Кальвин - [5]

Шрифт
Интервал

Кромвель будет тоже бороться за Теократию и Демократию вместе, потому что это для него не два понятия, а одно.

«Праздновать должны бы Женевские граждане день рождения Кальвина и день его прибытия в Женеву как два счастливейших дня своей республики», — скажет Монтескье.[55]

Кальвин, основатель Женевской Теократии — кузнец всей будущей Европейской Демократии. Новую политическую свободу он выкует из древнего железа — Ветхого Завета — Закона.

9

Но вся политика у Кальвина — только выводы из его метафизики, чья главная движущая ось есть тот религиозный опыт, который он называет «Предопределением», Praedestinatio.

Что такое Предопределение? Вот как отвечает Кальвин на этот вопрос: «Предопределением мы называем вечную в судьбе каждого человека волю Божью, потому что не все люди созданы с одинаковой целью, но одни — для вечной жизни, а другие — для осуждения вечного».[56] Это значит: Богом разделяется все человечество на две неравные части — одну, неизмеримо меньшую — не по заслугам наверное спасающихся, а другую, неизмеримо бóльшую — наверное без вины погибающих; на получивших даром Благодать и на лишающихся ее также даром. «Преданы злой воле своей осужденные потому, что Бог в праведном, хоть и непостижимом, суде Своем хотел умножить славу Свою». «Первый человек пал, потому что этого хотел Бог, а почему хотел, мы не знаем; знаем только, что не хотел бы, если бы не предвидел, что этим слава Его будет умножена». «Осуждающих Бог попускает, но и обрекает на гибель, потому что слово Божие есть высшая цель всего творения; Бог же прославляется не только „милосердием Своим, но и в правосудии“. Странно, что люди могут умножать и умалять „слово Божие“, что Бог, как будто, нуждается в человеческой славе — только боится, что вечное осуждение невинными может оказаться не „славой“ для Него, а позором.

„Слова Божия не слышат осужденные, или, слыша, только ожесточаются, потому что Бог не определил их к спасению. Злую волю их Он мог бы изменить, потому что Он всемогущ; но Он этого не хочет. Почему? Мы этого не знаем и не должны испытывать больше, чем нам должно знать“. „Я говорю[57] с Августином, что Бог создал тех, о которых Он знал наперед, что они погибнут, и что Он это сделал, потому что так хотел.
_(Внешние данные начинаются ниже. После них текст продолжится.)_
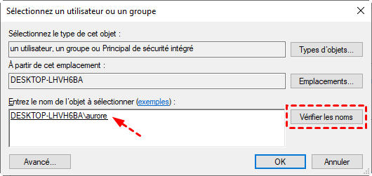 4. Sous Entrez le nom de l'objet à sélectionner, entrez le nom du compte d'utilisateur et cliquez sur le bouton Vérifier les noms, puis cliquez sur le bouton OK.
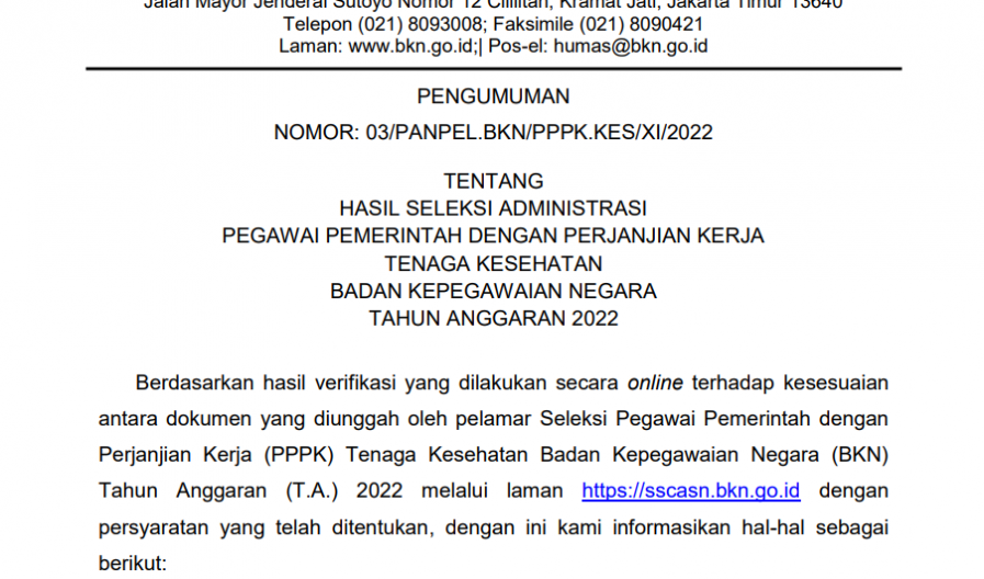 Pengumuman Hasil Seleksi Administrasi PPPK Kesehatan BKN 2022

А почему хотел, мы не должны спрашивать и понять не можем“.[58]

„Божье правосудие“, в устах Кальвина — только пустое, ничего не значащее слово, как верно замечает один исследователь. „Если Бог, без всякой понятной для нас причины, одних из находящихся в одинаковом состоянии людей оправдывает, а других осуждает, то утверждение Кальвина, что Бог правосуден, в каком-либо для человека понятном смысле, недоказуемо“. „Кальвин допускает (так же, как Лютер), в своем Богооправдании, Теодицее, двух противоречивых Богов“: Бога и Противобога — диавола.[59]

„Славе Божьей“, „gloria Dei“, служит гибель большей части невинно, от начала мира, осуждаемого человечества; это самая чудовищная из всех человеческих мыслей», — верно замечают и другие исследователи.[60]

«Бред сумасшедшего не порождал ничего более ужасного». «Если в это поверить, то можно с ума сойти от отчаяния».[61]

Кажется, сам Кальвин это иногда чувствует: «Я признаю, что этот приговор ужасен, Decretum guidem horribile fateor».[62]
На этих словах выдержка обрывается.